ST. LOUIS — Couples, listen up! Valentine’s Day is just around the corner, and people are looking for ways to treat their special someone.
This year, expect to spend a lot more while shopping for your loved ones. Inflation and supply chain issues are hitting Valentine’s Day products across the board, and that includes one of America's favorite indulgences — chocolate.
Owned by the same family, Chocolate Chocolate Chocolate Company and Bissinger’s Handcrafted Chocolatier sell their products nationwide, and they’ve had to raise prices this year.
Dan Abel Jr., son of Chocolate Chocolate Chocolate Company’s founder, says the St. Louis-based business, which is over 40 years old, gets about a third of its revenue from Valentine’s Day alone.
"We spend part of December and all of January making truffles and heart boxes, marshmallow hearts, caramel hearts," said Abel.
Recently, Abel says, every cost from freight to candy packaging has risen. So this year, the company had to raise prices almost across the board, something it doesn't do often and tried to avoid.
"Usually we say ‘OK, we’re gonna raise chocolate bars this year, and then we’re gonna raise truffles next year.' This is the year where it’s like, ‘OK, we’re gonna have to raise almost everything, because every single cost that we have has gone up,’" Abel lamented.

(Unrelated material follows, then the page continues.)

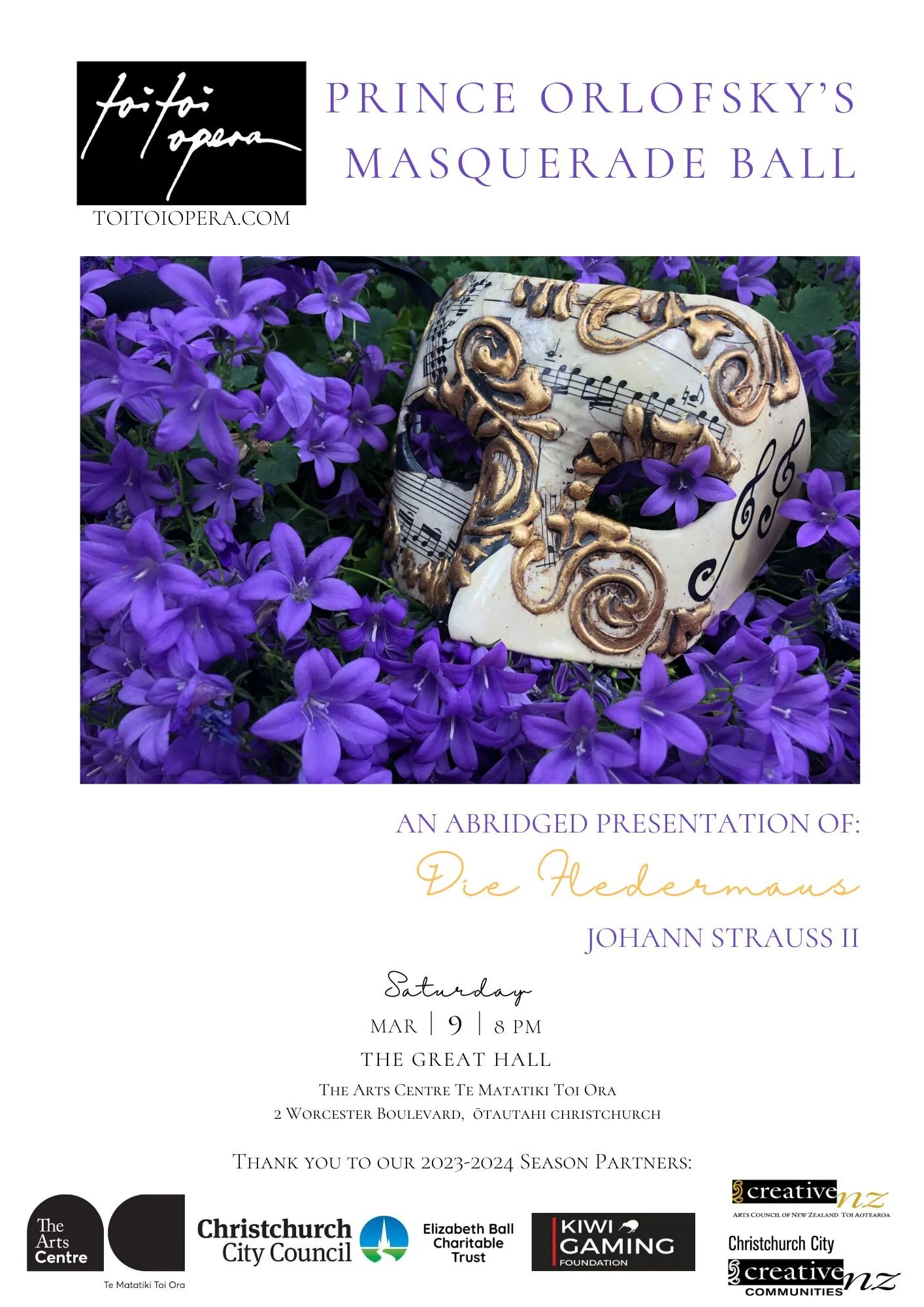 †Venue: The Great Hall, The Arts Centre Te Matatiki Toi Ora. SEASON SOLD OUTThese very special Toi Toi Opera Summer of Opera events were proudly sponsored by:

It's not just local chocolate factories that have had to raise prices. Larger companies like Hershey are raising their prices too. So that will mean paying more for Hershey's Kisses, Reese’s, KitKats and more classic favorites.
Part of the problem is the cost of ingredients. For example, prices for sugar rose by 4.6% from 2000 to 2021, while prices for milk rose by 4.2% and peanut butter by 3.8% over the same period, according to the Bureau of Labor. Abel says it’s also been hard to get ingredients when they’re needed.
"One little hiccup in the supply chain could really put a damper on things," Abel said. "If we lost out on Valentine's Day, that means come June, July and August, we’re gonna be really in a financial position where we’re gonna be tight for cash."
Abel says chocolate-covered strawberries are his company’s Valentine’s staples. He described strawberries as "just-in-time inventory," meaning the fruit arrives in a truck from California typically the night before or morning they are dipped in chocolate and ready to be sold.
"It has been successful for 40 years, but this is year 41, and this is the one that scares the heck out of me because of supply chain issues," Abel said.
But Lauren Boland, communications director for the National Confectioners Association, says consumers should not worry about a chocolate shortage this Valentine's Day.
"Manufacturers are working with our retail partners to ensure that products that consumers are looking for to celebrate Valentine’s Day with are on store shelves," said Boland
Confectionary sales for Valentine's Day 2022 are expected to top $3.4 billion.